Fabio Maltoni is member of the Centre for Cosmology, Particle Physics and Phenomenology (CP3) in Louvain since 2005. His research has mainly focused on Higgs boson production and decay in models with extended Higgs sectors, production and decay of quarkonia, properties and structure of QCD amplitudes, and top-quark phenomenology. Over the past decade Fabio Maltoni has devoted most of his attention to the computer simulation of collider physics and the automated computation of scattering amplitudes. He is one of the authors of MadGraph 5 that provides a platform where pheno projects can be developed, including SM and BSM physics, LO and NLO accurate predictions, such as aMC@NLO.
Chiara Arina

Chiara research activities relate to the dark matter problem within a particle physics perspective. Her theoretical work focuses on dark matter model building in connection with the problem of generation of neutrino masses and/or of the visible matter.
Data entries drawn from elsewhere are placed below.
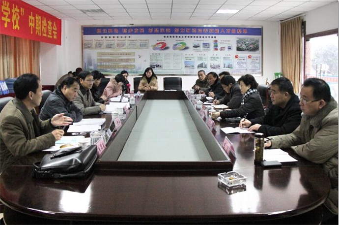 我校为“国家中等职业教育改革发展示范学校”第三批项目建设学校,建设期为2013年4月11日至2015年4月11日。2015年元月27日,省专家组一行五人莅临我校,对我校项目建设情况进行中期检查和指导,这次检查采取听汇报,看材料,看现场的方式进行。
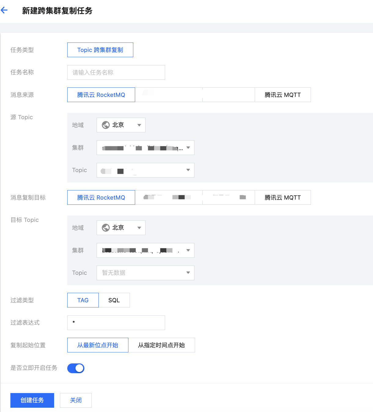是否立即开启任务:如果打开开关,在任务创建完成后就按照当前任务的配置进行复制。
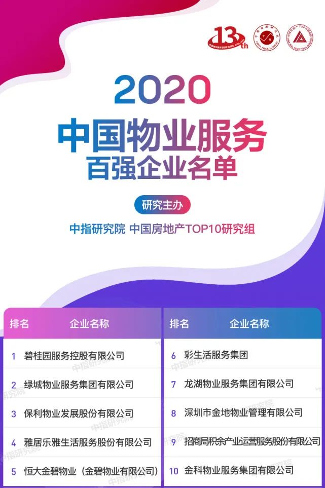 因为百强物业服务企业名单过长,这里就截取了前十的榜单。我们可以看到很多物业公司名称都非常的熟悉。
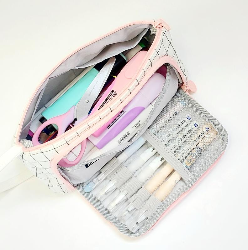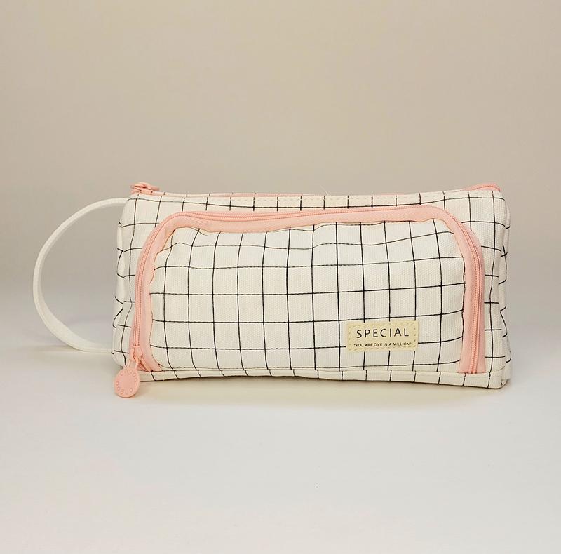 Пенал из плотной текстильной ткани на два отдела с ручкой. Если вы ищете удобный пенал, в который можно будет сложить все ваши канцелярские сокровища, то этот пенал – отличный вариант. В зависимости от выбранного варианта в этой серии есть однотонные пеналы и клетку. Как школьный пенал, для студента или для любителей планирования и письменных практик - подойдет всем.
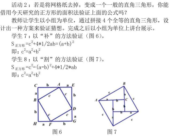 在本堂探究课中设计了两处小组合作,分别在定理的猜想和验证环节。定理的猜想是通过分别计算3张放置在网格图中的模型图中,不同的正方形面积得到的。由于学生学习能力的差异,并不是班级所有学生都能得到正确结论。通过小组合作,学生能在组内交流中互相学习,发现最优解法,也能及时发现计算失误,避免由计算失误而影响到对定理的猜想。在验证环节,每个人手中只有一张直角三角形卡片,小组合作拼接的目的一是节省时间,二也是为了渗透合作意识。

Her phenomenological research focuses on various aspects of dark matter detection (direct, indirect and at collider), with a particular attention to the statistical approach.
Celine Degrande

Celine is working on Effective Field Theory (EFT) at colliders mainly in top and electroweak sector. Recently, she has been focusing on the interplay between PDF and EFT fits and on the computation of NLO QCD corrections for the SMEFT. She is the author of NLOCT and one of the FeynRules authors. She is also investigating how the photon polarisation in cosmic rays can be used to probe BSM physics.
Olivier Mattelaer (Node Leader)

Olivier Mattelaer is research scientist in Louvain since 2009. He is the main developer of the MadGraph5_aMC@NLO framework.
Theo Heimel

Theo Heimel is a Post-Doc. The main focus of his research is accelerating event generation for the High-Luminosity LHC and beyond using generative networks. In particular, the MadNIS project aims to make sampling hard-scattering events in MadGraph faster using neural importance sampling. Furthermore, he is interested in ML-based methods to extract more information from LHC data. This includes unfolding with generative networks, simulation-based inference, and combining machine-learned detector effects with theory knowledge in the matrix element method.
Luca Beccatini

Luca Beccatini is doing a joint PhD between UCLouvain and the University of Bologna. He is working on neural network surrogate models to approximate scattering amplitudes and High-Energy Physics event generation, such as event unweighting.